I know from our past conversations that you think Derrida is not a candidate for what you seek but perhaps that has changed? Nevertheless I find a lot of him in what you describe. For example, as to your point about the singular event free from the formulaic context, here's Caputo in DIAN (cited above):

"Like the singularity of an event whose uniqueness makes each occurrence both an unprecedented first time and an unrepeatable last time.... The wholly other is any singularity...[that] we cannot lift up, cannot generalize, cannot universalize, cannot formalize" (51-2).

And as to a kind of Platonic ideal, recall D's take on Plato's khora:

"Derrida's concern is with 'something' which is neither the one nor the other, which is anterior to both, something which is not a thing, 'something like an indeconstructable khora,' not because it is invulnerable to deconstruction but because it is 'the very spacing of de-construction'" (53).
Correction: the quotes above were from The Prayers and Tears of Jacques Derrida (IUP, 1997). However DIAN devotes the entirety of Chapter 3 to Derrida's take on Plato's khora. A sample:

“Khora is not a universal (abstract place in general), nor a particular (a contained place), but something radically singular: place itself—within which multiple places are inscribed” (95).
Bonnitta, you might find this previous discussion from our old Integral Postmetaphysical Spirituality forum interesting or useful for your inquiry: Paradoxes of Transcendence.
What dya think?


Hi Bonnitta,

I agree with what you say in the first paragraph.
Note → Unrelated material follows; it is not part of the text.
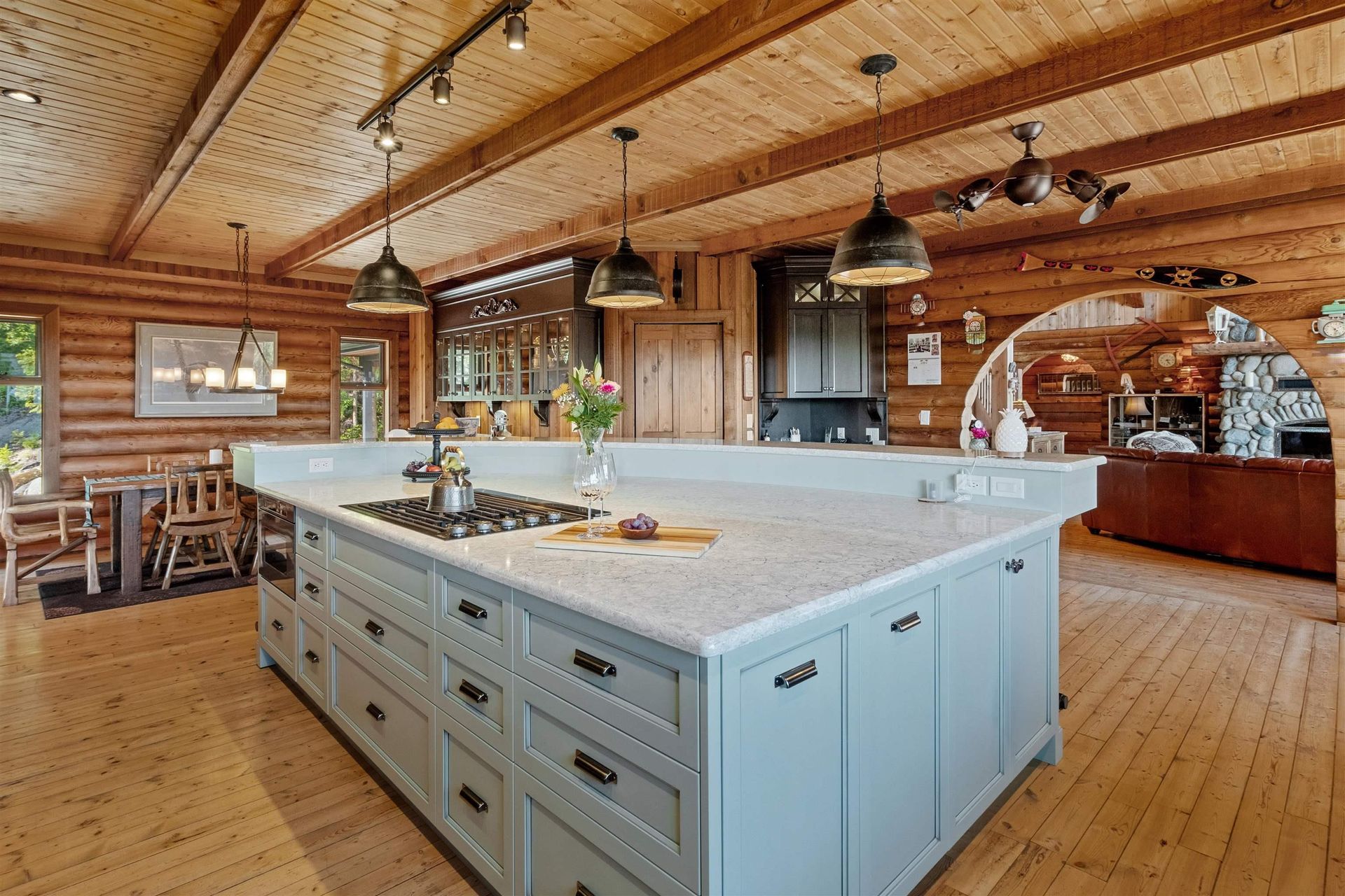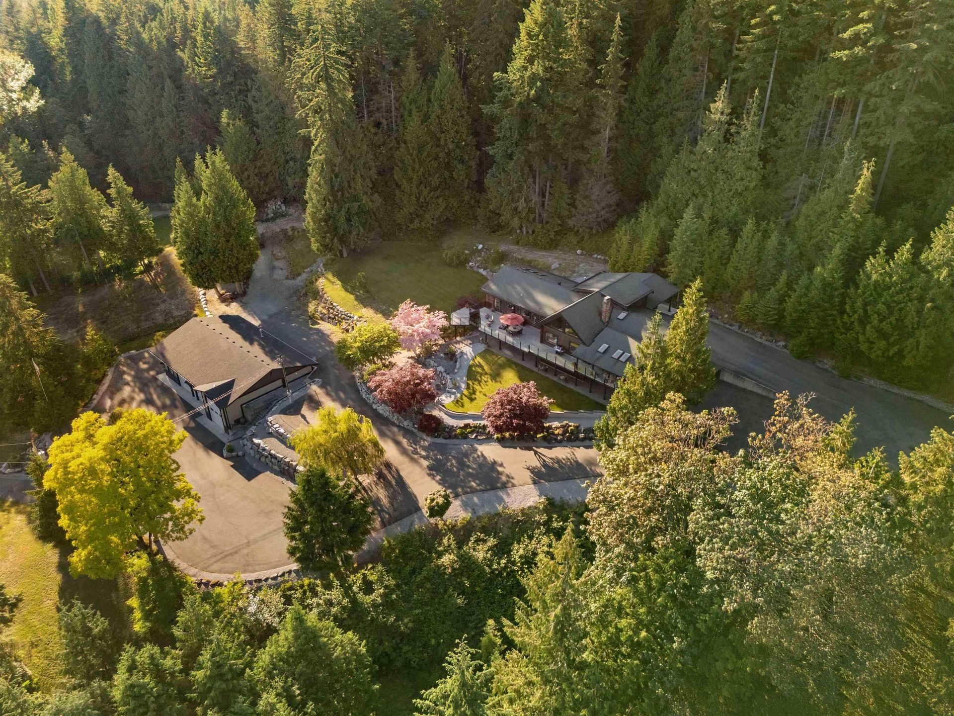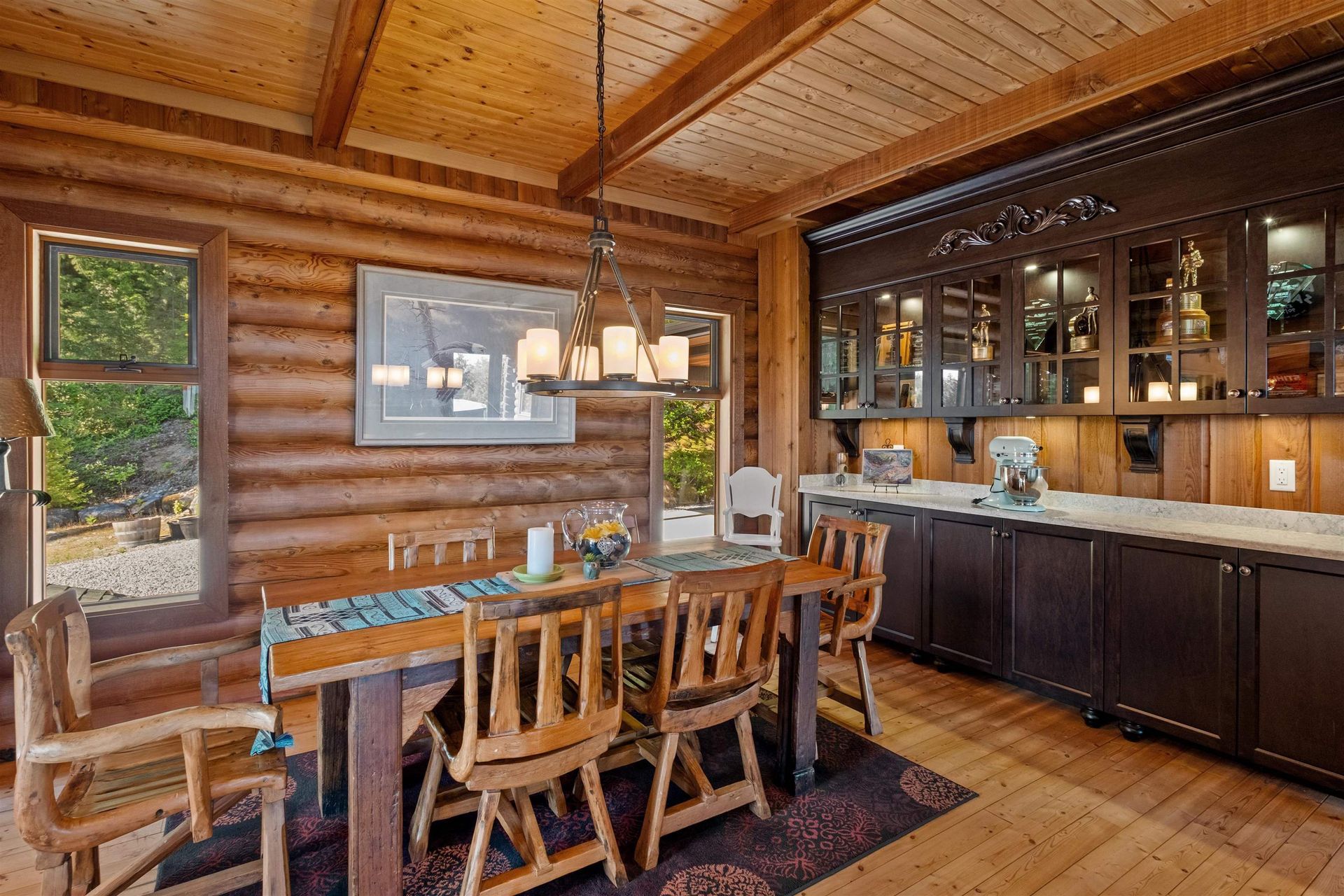 Welcome to your private paradise! This spectacular custom 4,188 sqft log home features 180 degree panoramic views while nestled on a sprawling 5.01 acres. Incredible wood work through out the home. Tons of natural sunlight into games room, kitchen and large living room with vaulted ceilings. Upgraded kitchen with pantry is an entertainers dream with Dacor appliances, an expansive island and a dedicated eating area. Primary bedroom is on the main floor with a walk-in closet and a spacious ensuite bathroom. In the basement, the laundry and 2 bedrooms with a full bathroom await as well as a spacious living room. The property also includes a 2,780 sqft detached heated garage with 3 bay doors with space for RV parking inside w/200amp service. Amazing outdoor lighting throughout the property.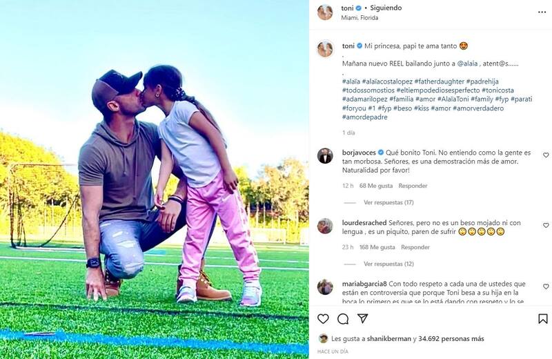 "Muy hermoso, pero Toni: oriéntate con un psicólogo que aconsejó que los hijos no se besan en la boca y explicó los porqués. Es tu hija, pero un experto te puede explicar el porqué", escribió un usuario.

But I don’t see the light of the fire (awareness) as generative of the shadows or anything else. It just appears that way because form is opaque. All contexts (platonic ideals to evolution) are ashes of the fire. Some may be warmer than others (closer to the fire) but they are ash nonetheless. Now that does not leave us with much but isn’t that the point of gazing into a fire?
There is a new kind of science called "the naturalistic turn" in which scientists approach inquiry through understanding of the epistemic framework they are using, and the flexibilty with which they choose one framework over another. It is an attempt to rid inquiry of both the idolotries of science (subject-object, interior-exterior, singular-plural, whole-part dualistic thinking) and the mythologies of conventional culture, while still engaging the world in an empirically based, epistemic project.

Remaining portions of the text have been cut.